Each entry should be restated word for word, with all pictures left out.

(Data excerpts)
-- -- --

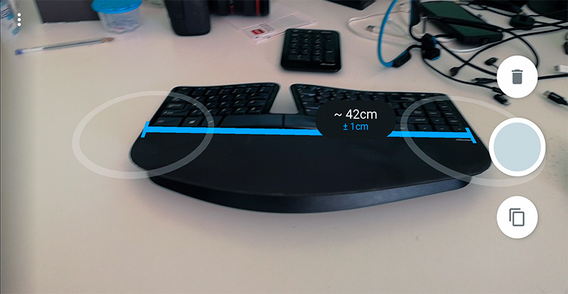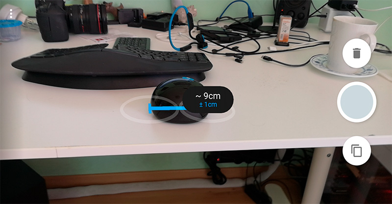 В комментах подсказали полезную программку. Оказывается, если ваш смартфон поддерживает технологию дополненной реальности ARCore, то на нем можно установить гугловскую же программку Measure - Quick Everyday Measurements, которая позволяет более или менее точно измерять длину и высоту различных предметов со смартфона. Вот список смартфонов, которые поддерживают ARCore.
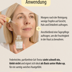 Morgens nach der Reinigung wenige Tropfen des Serums auf Gesicht, Hals und Dekolleté auftragen.
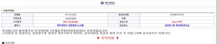 [축 합격]명지대학교 문예창작과 특기자 전형 수시 1차 합격 작성자깨달음을 얻는 자|작성시간17.10.25|조회수86 목록 댓글 0 글자크기 작게가 글자크기 크게가 명지대학교 문예창작과 특기자 전형 수시 1차 합격 다음검색 현재 게시글 추가 기능 열기 북마크 공유하기 신고 센터로 신고 댓글 댓글 0 댓글쓰기 답글쓰기 댓글 리스트
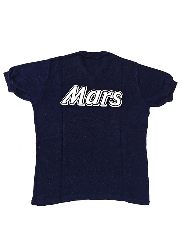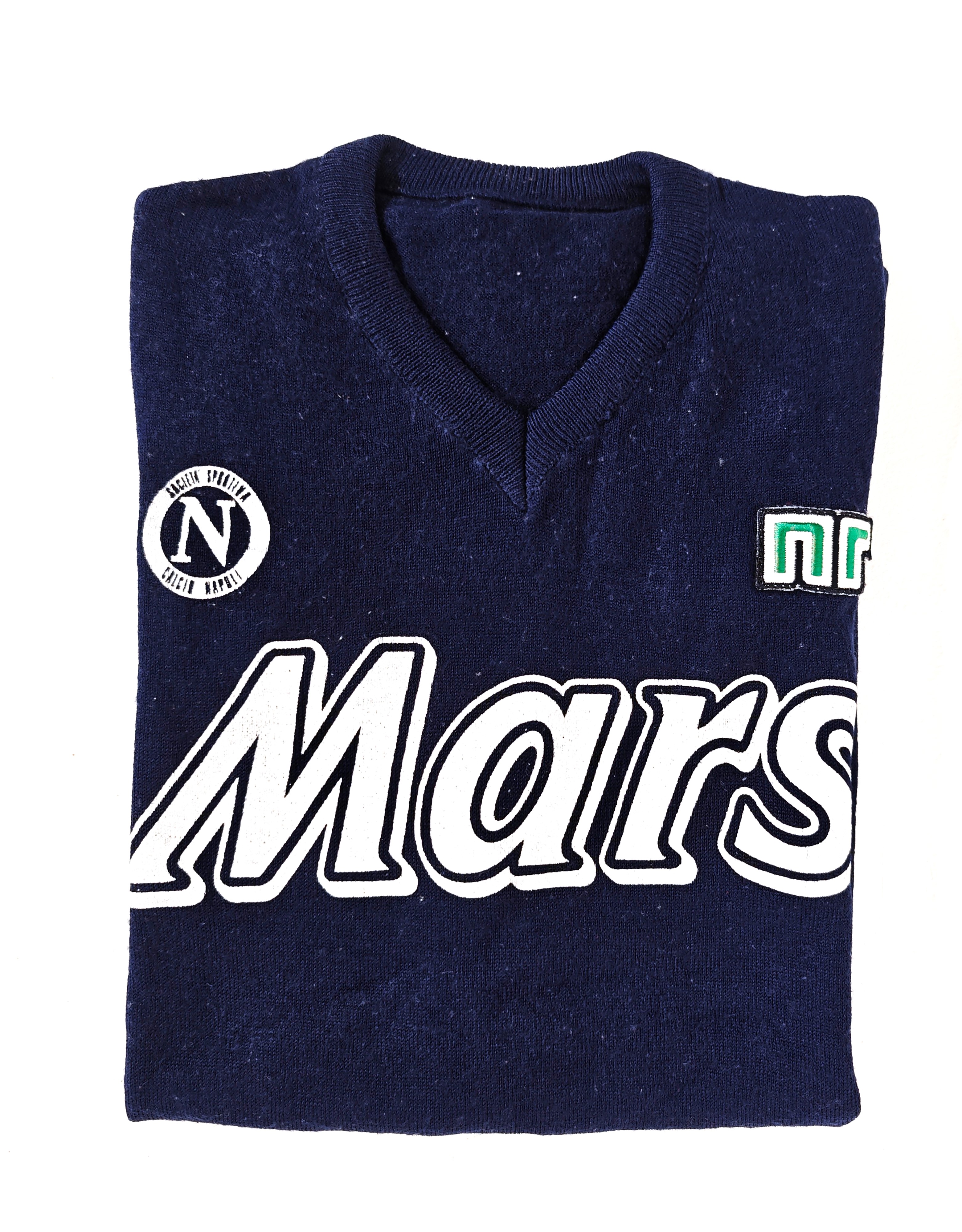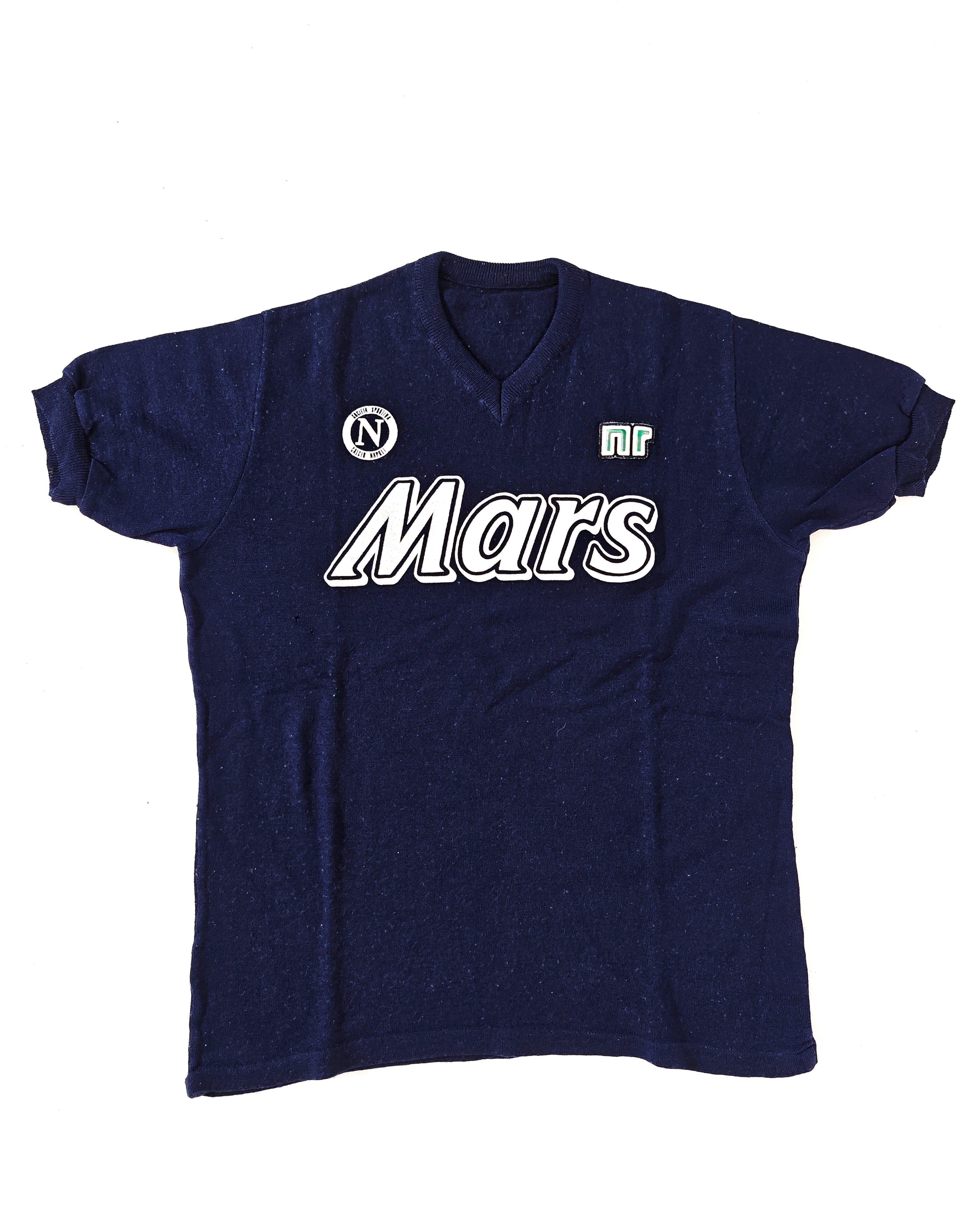 Maglia maniche corte, in cotone pesante, scollo a V, sponsor MARS stampato al petto e sulla schiena, patch rotonda ricamata Società Sportiva Calcio Napoli, cucita a destra, patch con logo NR (EnneErre) cucita a sinistra.
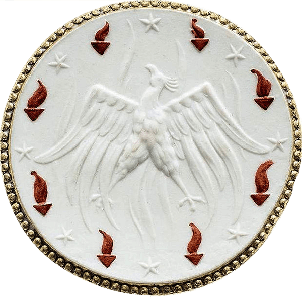 Beschreibung Rückseite: Ein aus der Flamme aufsteigender Phönix mit dem Kopf nach links. Um das Motiv herum abwechselnd acht fünfstrahlige Sterne, die zum Teil radial ausgerichtet sind und acht kleine Urnen mit Flamme.
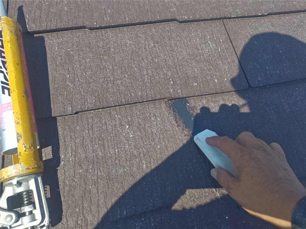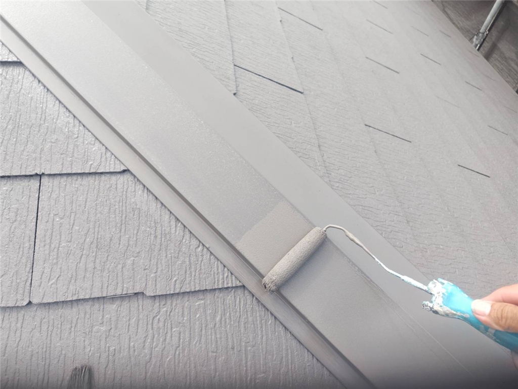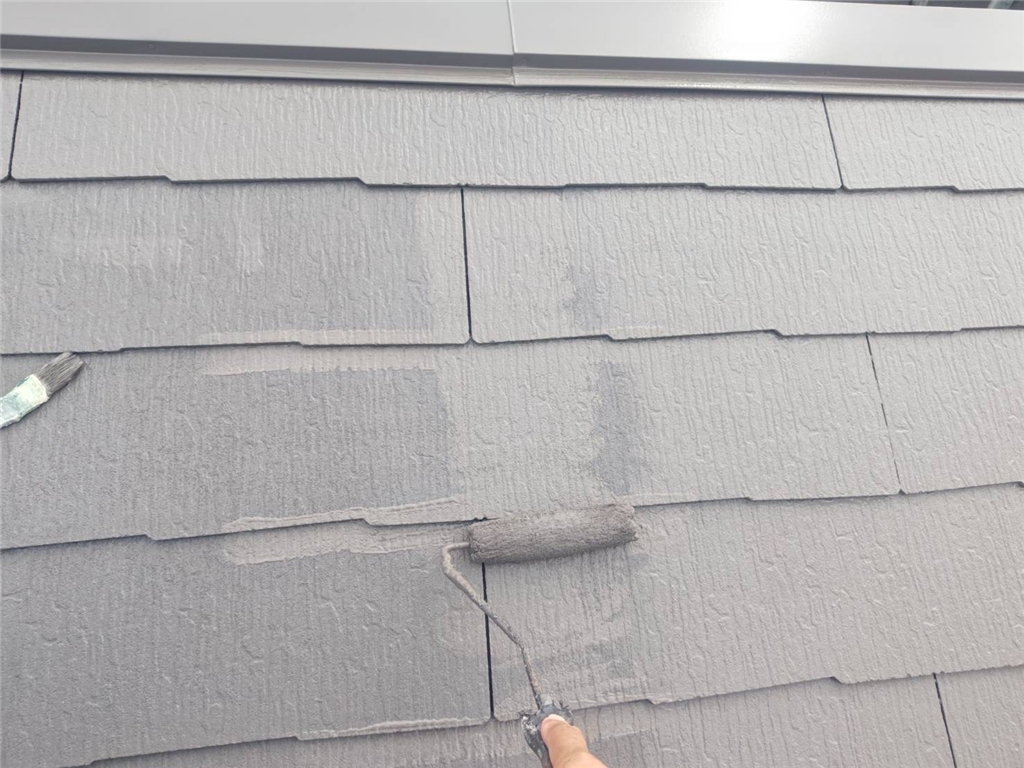 屋根の小さなひびも見逃さず、下地処理を行ってから塗装しています。

-- -- --

▶ [YOUR RESPONSE]:
 В комментах подсказали полезную программку. Оказывается, если ваш смартфон поддерживает технологию дополненной реальности ARCore, то на нем можно установить гугловскую же программку Measure - Quick Everyday Measurements, которая позволяет более или менее точно измерять длину и высоту различных предметов со смартфона. Вот список смартфонов, которые поддерживают ARCore.
 Morgens nach der Reinigung wenige Tropfen des Serums auf Gesicht, Hals und Dekolleté auftragen.
 [축 합격]명지대학교 문예창작과 특기자 전형 수시 1차 합격 작성자깨달음을 얻는 자|작성시간17.10.25|조회수86 목록 댓글 0 글자크기 작게가 글자크기 크게가 명지대학교 문예창작과 특기자 전형 수시 1차 합격 다음검색 현재 게시글 추가 기능 열기 북마크 공유하기 신고 센터로 신고 댓글 댓글 0 댓글쓰기 답글쓰기 댓글 리스트
 Maglia maniche corte, in cotone pesante, scollo a V, sponsor MARS stampato al petto e sulla schiena, patch rotonda ricamata Società Sportiva Calcio Napoli, cucita a destra, patch con logo NR (EnneErre) cucita a sinistra.
 Beschreibung Rückseite: Ein aus der Flamme aufsteigender Phönix mit dem Kopf nach links. Um das Motiv herum abwechselnd acht fünfstrahlige Sterne, die zum Teil radial ausgerichtet sind und acht kleine Urnen mit Flamme.
 屋根の小さなひびも見逃さず、下地処理を行ってから塗装しています。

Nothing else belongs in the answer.